Sky flexes its AI muscles

Artificial intelligence might be the buzzword of 2018, but few actually know what to do with the technology. That said, Sky seems to be surging ahead of the pack.

At the Telco Data Analytics and AI conference in London, an interesting statistic was put to the audience; 60% of the AI R&D spend in the telco industry is being directed towards network optimization. This is certainly a valid quest, though the problem with inward R&D investment is that it won’t prevent the slow wander towards utilitisation. To create value, telcos need to be investing in projects which actually create value, drive diversification and capitalise on new revenues. This is exactly what Sky seems to be doing.

“We have a data liquidity problem,” said Rob McLaughlin, Head of Digital Decisioning and Analytics for Sky UK. “Getting data is not an issue, we get it without trying, it’s about getting value from it.”

It seems the Sky UK team has a lot of ‘nice to have problems’, which demonstrate the effective steps forward the business is making in the intelligence-orientated world. While many telcos are struggling with the basic concepts, Sky is really setting the pace.

Aside from the overwhelming amount of data, McLaughlin complained of the management teams attitude towards artificial intelligence. Here, the team aren’t resisting, but asking for solutions which are overly complex. McLaughlin pointed out the Sky business was missing out on the low-hanging fruit, the simple problems which AI can address, instead the management team is looking for the top-line, super-complex solutions which can bring about revolutionary-change.

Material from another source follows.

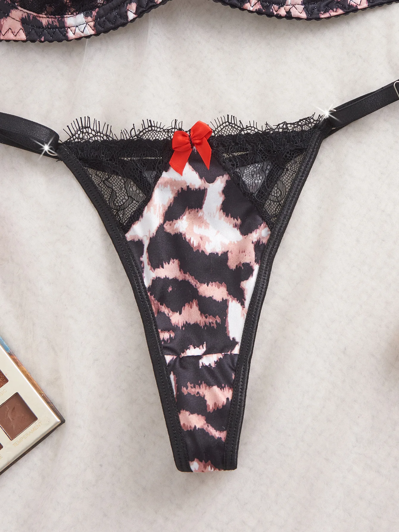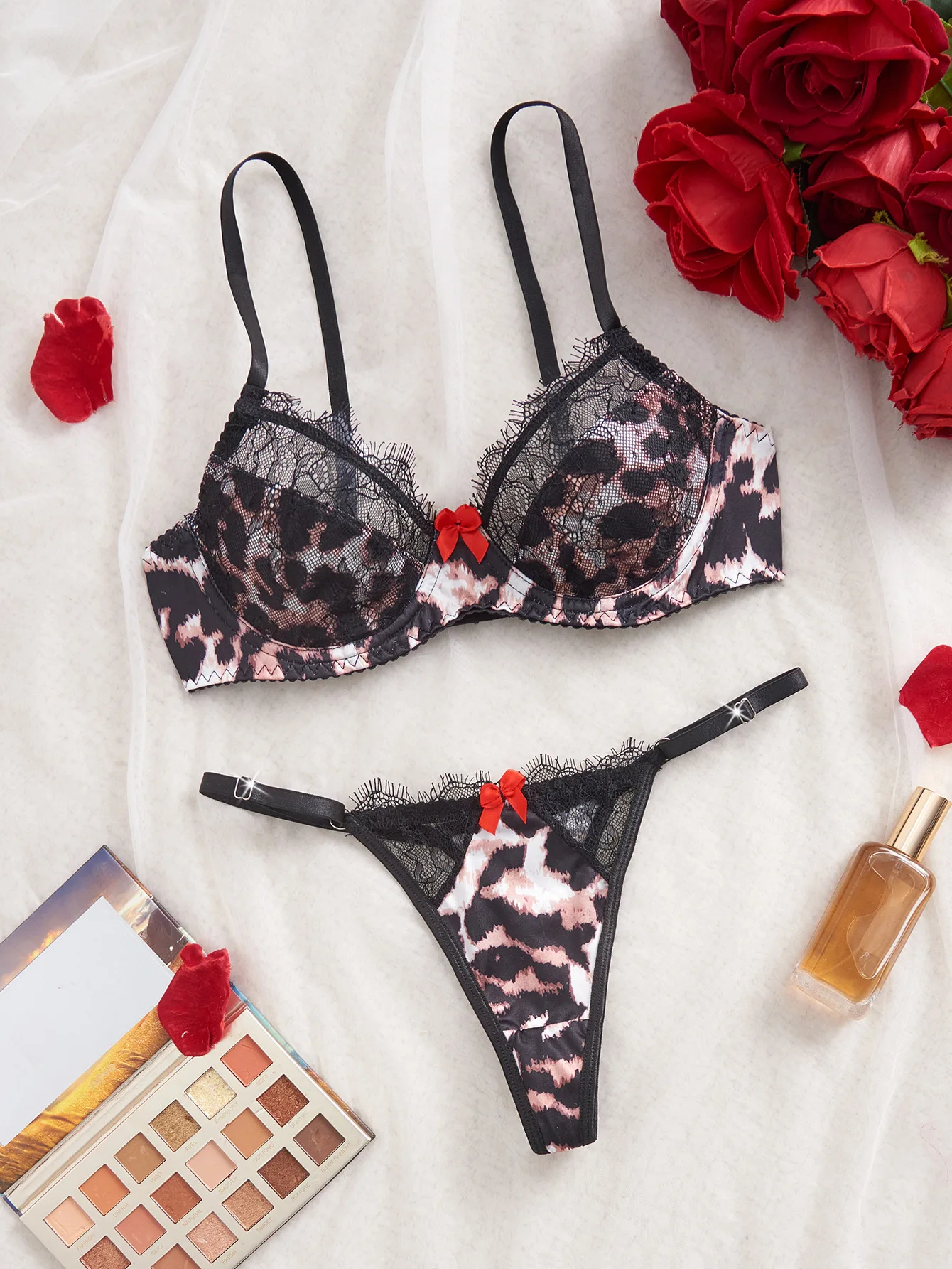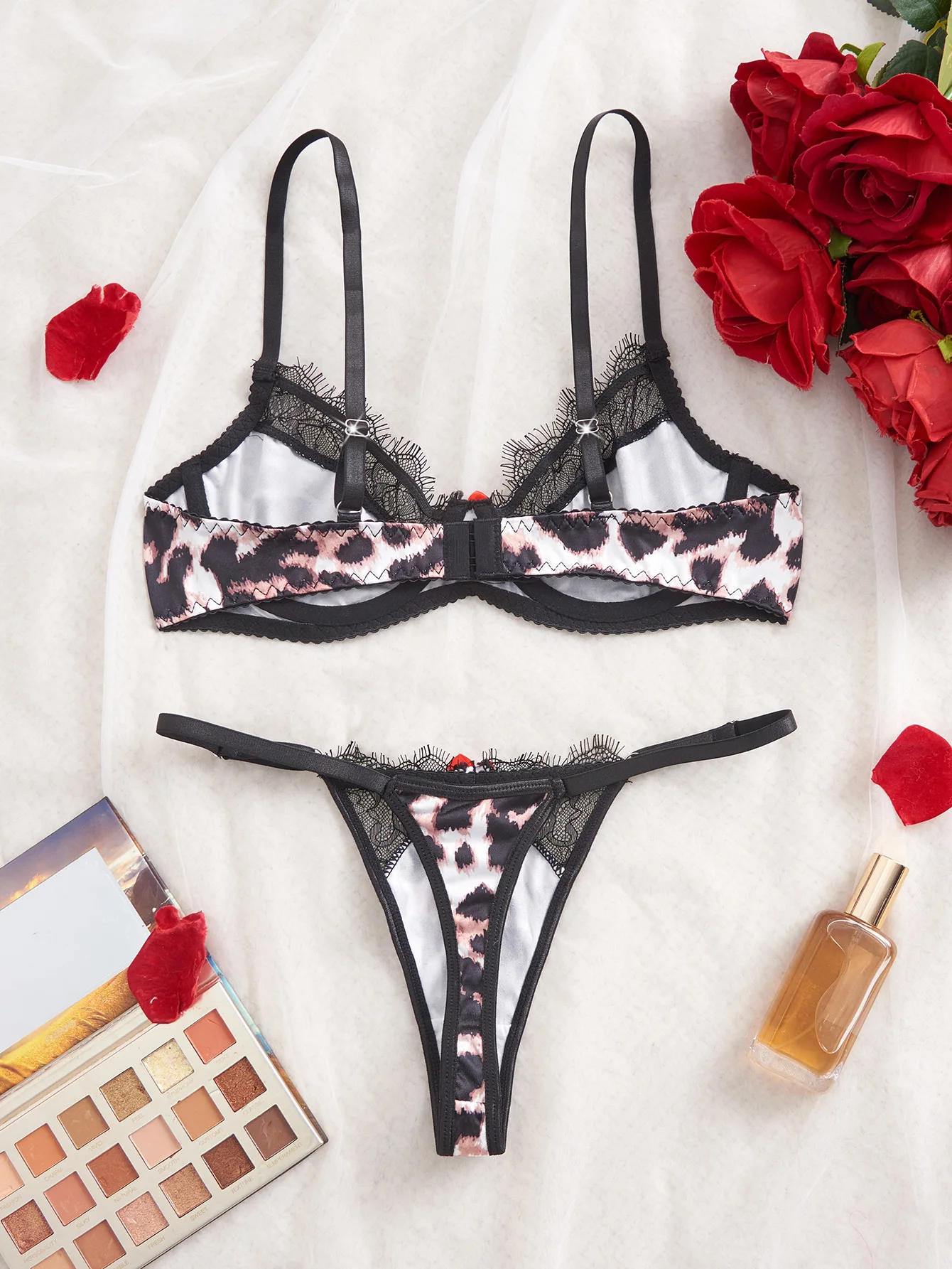2026 New Arrival Cross-Border Sexy Lingerie Lace Leopard Print Patchwork Underwire Push-Up Lightweight Breathable Bra Set

As McLaughlin told the audience, this is frustrating, but at least the management team is embracing new concepts and technologies, even if they are trying to run before they can walk. This is arguably a perfect scenario however. Change is led from the top of an organization, and McLaughlin seems to be describing a culture which is desperate to embrace change and create value.

Another interesting point made by McLaughlin was a claim there was no POC.

“We launched these projects at scale from day one,” said McLaughlin. “We didn’t want to do a POC as it was a bit of an insult to our intelligence. Why do they need to test whether data is good for the business?”

This demonstrates the much-hyped fail fast business model which has been employed so effectively by the internet giants. These companies don’t need to prove there is value in personalising services, they just need to make it work. The only way to get the algorithms to work is to get them out in the real world, trained by data, honed by machine learning and real-time experiences. This culture of creating results, not trying to prove perfection, will certainly drive value for Sky.

McLaughlin’s team are implementing AI in four different ways at Sky. Firstly, using customer information to cross sell services and products. Secondly, increasing engagement with products and services customers have already bought. Third, anticipating customer needs and problems, a project which is saving Sky millions in customer services and improving the overall NPS score. Finally, AI is being used in media optimisation to improve the advertising platform.

While these projects are still in the early days, the results are clear according to McLaughlin. NPS has been improving, cost saving are being realised and proactive selling of product through personalisation is increasing. With the cross-selling side, the results are quite remarkable. The success of sales of Sky Sport products are up 57% due to two simple changes. Firstly, putting the product in front of the customer at the right time, Saturday afternoon not Friday night for example, and Secondly, selling the product in the right way. If you know you are engaging a football fan, tell them about the football benefits not Formula One.

“Just crazy we haven’t been doing this for 30 years,” said McLaughlin.

All of these initiatives are built on identity. For McLaughlin this is the most important aspect of any data analytics and AI programme, and receives more attention than anything else. If you cannot identify your customer, it is impossible to personalise services effectively. It seems simple, but it is an aspect which is often overlooked.

“If we have the opportunity to speak to someone, don’t tell them something, treat them as the person the data says they are,” said McLaughlin.

Sky might not have a reputation as an particularly innovative organization, nothing out of the ordinary at least, but this approach to data analytics and artificial intelligence is certainly worth noting. The culture is accepting and proactive, there is an attitude which is geared toward doing, not planning, and the objectives are clearly outlined. McLaughlin might have his frustrations, but if you want an example of an organization which is proving the value of intelligence, you won’t have to look much farther.